Having been out of school for 9+ years, I found it exciting to see that the Institute of Design's intranet allows professors to post assignments, class notes and reference materials online and that students can then submit their assignments. This allows students to look back in archives at previous semesters to see what past students have done for particular class work and what others have submitted for your class.
Well, I quickly noticed the incrediblely well-designed work turned in. I found it funny to compare the elegantly constructed projects, presentations and even written assignments posted by many classmates with my own work. As I fumble around in PowerPoint, Excel and Word - the standard, rough tools of the Fortune 500 - those students with heavy design backgrounds were working in InDesign, Illustrator and Photoshop.

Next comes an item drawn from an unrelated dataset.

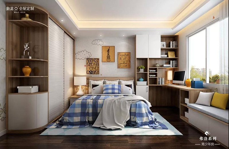 次臥作為兒童房,同樣以低明度的胡桃木色為主色調,點綴姜黃、海藍,營造活潑又不失溫馨的氛圍。衣櫃、書桌、書櫃一體設計,留下更多空間給孩子活動學習。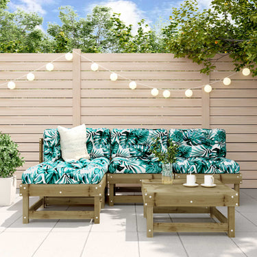 Dieses Garten-Lounge-Set aus Holz, das sich durch sein Latten-Design und weiche Kissen auszeichnet, ist eine tolle Ergänzung zu deinem Garten, Innenhof oder deiner Terrasse, um gemütliche Stunden mit deiner Familie oder deinen Freunden zu verbringen. Massives Douglasienholz: Massives Douglasienholz ist ein sehr langlebiges Material, das sich gut für den Außenbereich eignet. Douglasienholz ist selbst bei Witterungseinflüssen sehr robust und erfordert wenig Pflege.Robuster und stabiler Rahmen: Dank des Holzrahmens ist das Lounge-Set robust, stabil und für den täglichen Einsatz im Freien geeignet.Bequemes Sitzerlebnis: Die Rückenlehne und die Armlehne verleihen dem Gartenmöbelset zusätzlichen Sitzkomfort. Zum hohen Sitzkomfort tragen auch die dick gepolsterten Kissen bei.Modulares Design: Die Sofagarnitur lässt sich flexibel und leicht umstellen und mit anderen modularen Elementen aus unserem Webshop frei kombinieren, um dein ganz persönliches Garten-Lounge-Set zusammenzustellen! Gut zu wissen:Damit deine Gartenmöbel lange schön bleiben, empfehlen wir dir, sie mit einer wasserdichten Hülle zu schützen.

Rather than getting down about my assignments with "two left feet" I was actually jazzed about it for one simple reason - it reminded me why I'm here. As Dan Pink points out in "A Whole New Mind," this isn't a left brain sucks, right brain rules argument, or vice versa. It's using the whole gray mass together to create, build and delight. I'm at ID to improve my design-centered thinking to complement my decade of business-centered thinking. And the design-centered thinkers are here to enhance their business-centered thinking. I may struggle with design at this point, but there are surely designers wrestling with financial topics, product positioning, customer segmentation and the like.
So, as I look at our posted assignments I see two groups that complement and will eventually go from an overlapping Venn diagram of different styles to one whole circle. How cool is that!?